(THE TASK):
Pictures stay out of the copy. Retype exactly the lines below from the one with "Sortir les assiettes" through the one with "Showings available every".
=-=-=
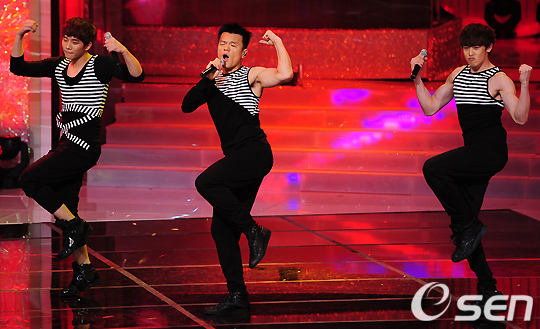 무대 위에서 준호, 박진영, 닉쿤이 미스에이의 '배드걸굿걸'에 맞춰 화려한 공연을 펼치고 있다./rumi@osen.co.kr
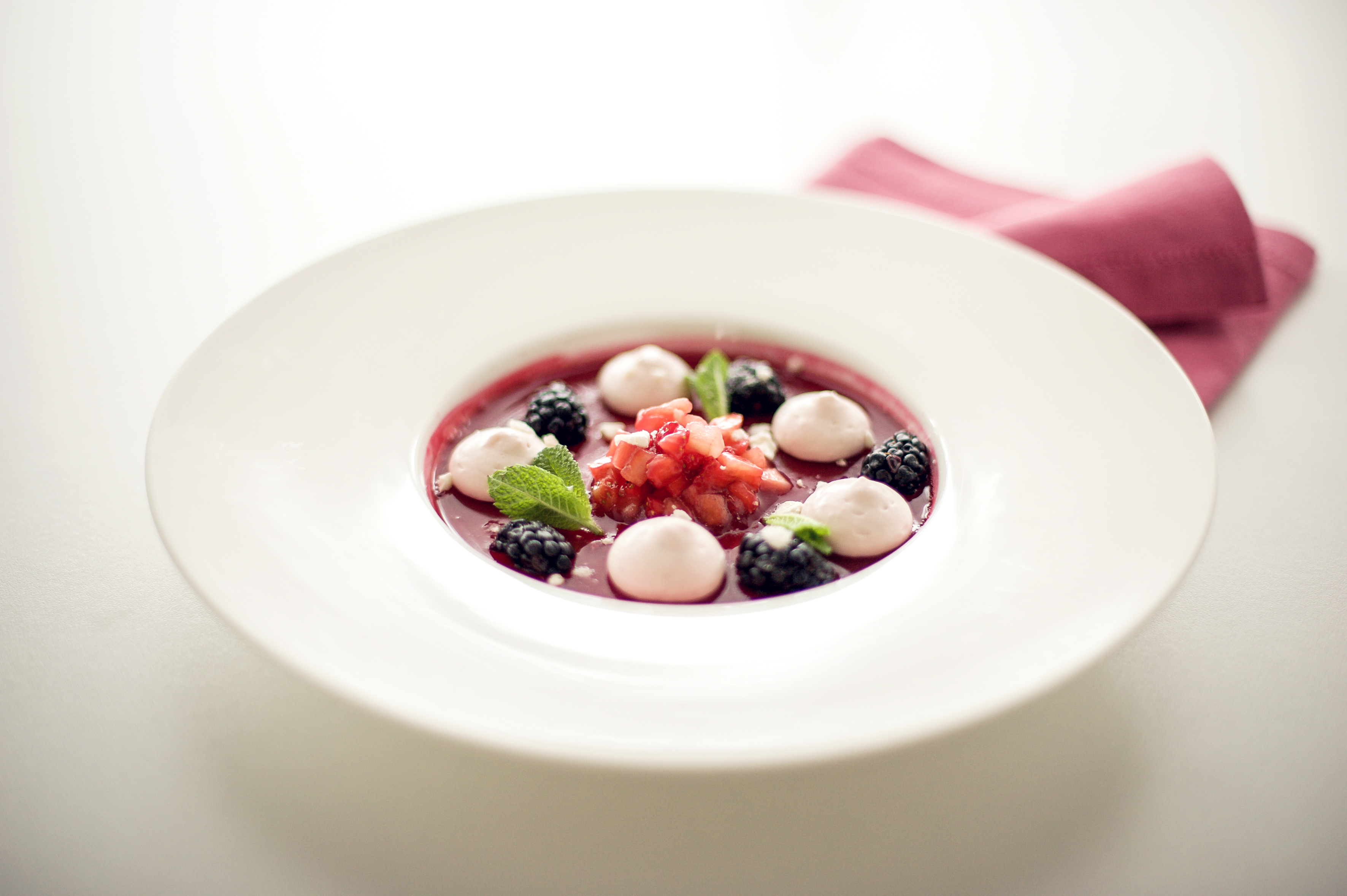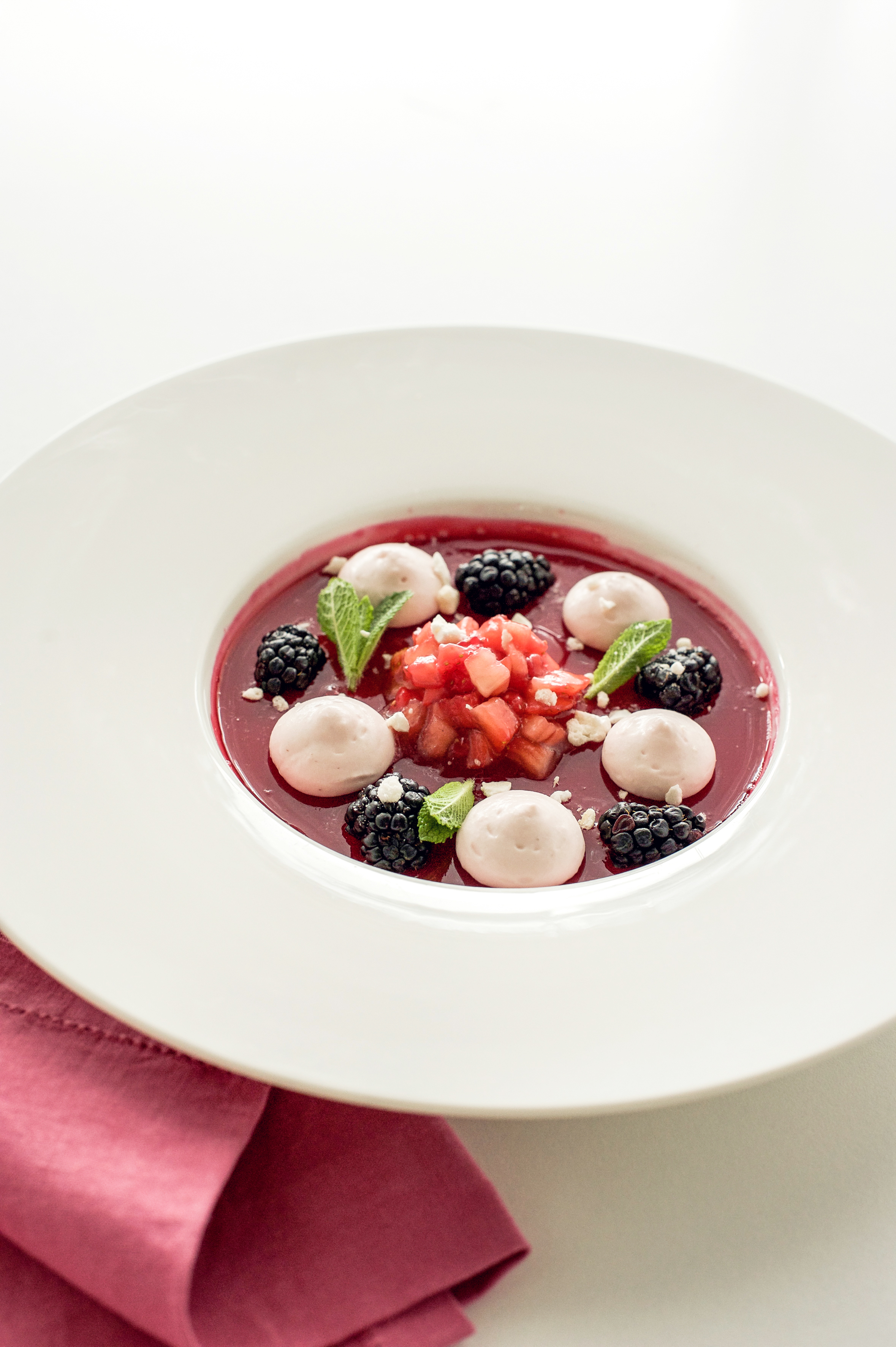 Sortir les assiettes creuses. Pocher 5 petits dômes de ganache à la fraise tout autour de la gelée. Emietter la meringue et en parsemer l’assiette. Tailler en deux les mûres et les disposer joliment dans l’assiette. Si vous avez des sommités de menthe, en parsemer dans l’assiette pour une note de vert.
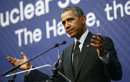 资料图片:2014年3月25日,在荷兰海牙的第三届核安全峰会主新闻中心,美国总统奥巴马在与荷兰首相吕特举行的闭幕新闻发布会上讲话。 新华社发
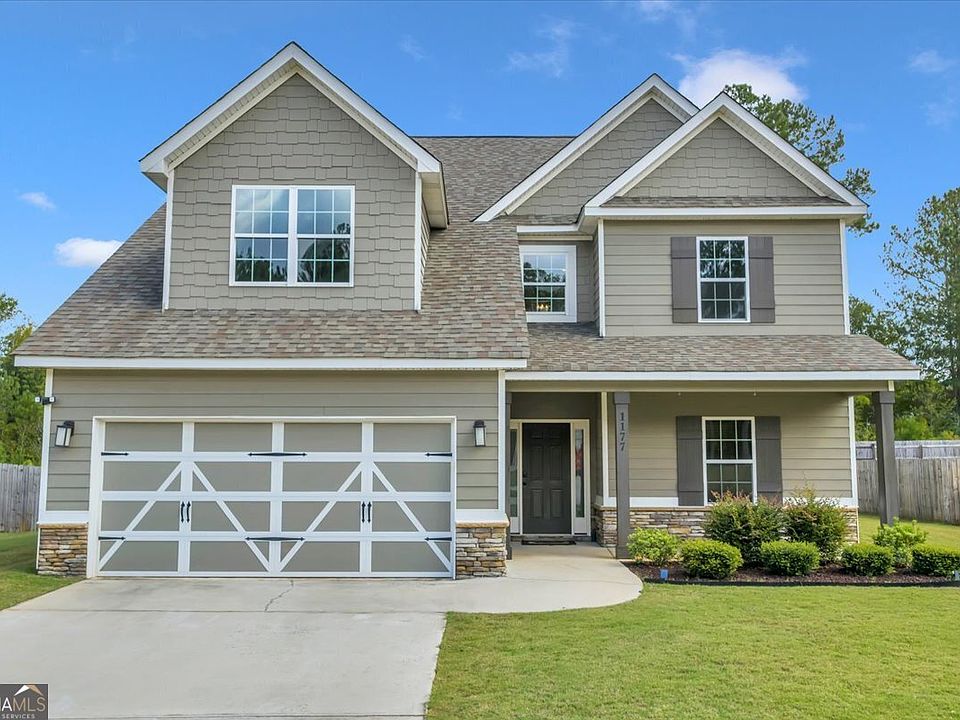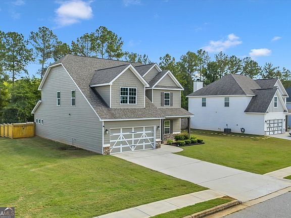 Showings available every day, or join us for open house this Sunday from 2-4 PM! Move-in ready and available for a quick closing, this 4-bedroom, 3.5-bath home in Juliette Crossing delivers space, style, and convenience without the wait or expense of building new. Built in 2020 and well maintained, it features a desirable main-level primary suite - an advantage for everyday comfort and long-term resale. The open kitchen with granite counters and designer lighting opens directly to the living room with a cozy fireplace, while the main floor showcases upgraded sculpted wood plank flooring that offers a richer, more durable feel than standard laminate or vinyl. Upstairs, an expansive bonus loft provides flexible living space for a media room, playroom, or home office. Outside, curb appeal shines with lush green grass, tidy landscaping, covered patio, and a fenced backyard ready for privacy and pets. With all appliances included, a two-car garage, and quick access to I-75, shopping, and dining, this home is clean, well cared for, and ready for its next owner.
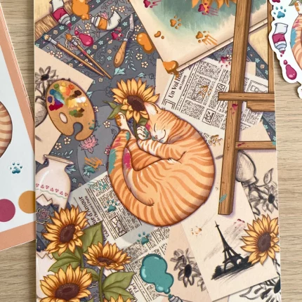 Toulouse, el gatito francés, se ha quedado dormido tras desatar su propio caos artístico en el estudio. Entre pinceles, lienzos, girasoles caídos y bocetos esparcidos, descansa plácidamente mientras el desorden cuenta su propia historia.
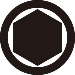 | 亀甲紋は亀の甲羅のような正六角形の連続紋四様から紋章化したもの。古代より世界中で使用された文様で日本には大陸から伝わり、5世紀以降の古墳からもその図柄が出土している。幾何学的な美しさと長寿の亀の甲羅を連想させる単純な形で瑞祥的な意義により家紋となった。 |
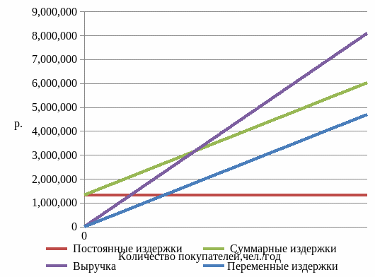 Точка безубыточности - минимальный объем производства и реализации продукции, при котором расходы будут компенсированы доходами, а при производстве и реализации каждой последующей единицы продукции предприятие начинает получать прибыль.
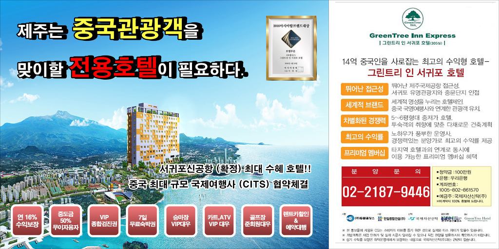 [부동산 소식] 그린트리 인 서귀포호텔(GreenTree Hotel) 분양 개시...제주도 서귀포에 들어서는 국내 첫 中관광객 전용 호텔
=-=-=
(ANSWER):
 Sortir les assiettes creuses. Pocher 5 petits dômes de ganache à la fraise tout autour de la gelée. Emietter la meringue et en parsemer l’assiette. Tailler en deux les mûres et les disposer joliment dans l’assiette. Si vous avez des sommités de menthe, en parsemer dans l’assiette pour une note de vert.
 资料图片:2014年3月25日,在荷兰海牙的第三届核安全峰会主新闻中心,美国总统奥巴马在与荷兰首相吕特举行的闭幕新闻发布会上讲话。 新华社发
 Showings available every day, or join us for open house this Sunday from 2-4 PM! Move-in ready and available for a quick closing, this 4-bedroom, 3.5-bath home in Juliette Crossing delivers space, style, and convenience without the wait or expense of building new. Built in 2020 and well maintained, it features a desirable main-level primary suite - an advantage for everyday comfort and long-term resale. The open kitchen with granite counters and designer lighting opens directly to the living room with a cozy fireplace, while the main floor showcases upgraded sculpted wood plank flooring that offers a richer, more durable feel than standard laminate or vinyl. Upstairs, an expansive bonus loft provides flexible living space for a media room, playroom, or home office. Outside, curb appeal shines with lush green grass, tidy landscaping, covered patio, and a fenced backyard ready for privacy and pets. With all appliances included, a two-car garage, and quick access to I-75, shopping, and dining, this home is clean, well cared for, and ready for its next owner.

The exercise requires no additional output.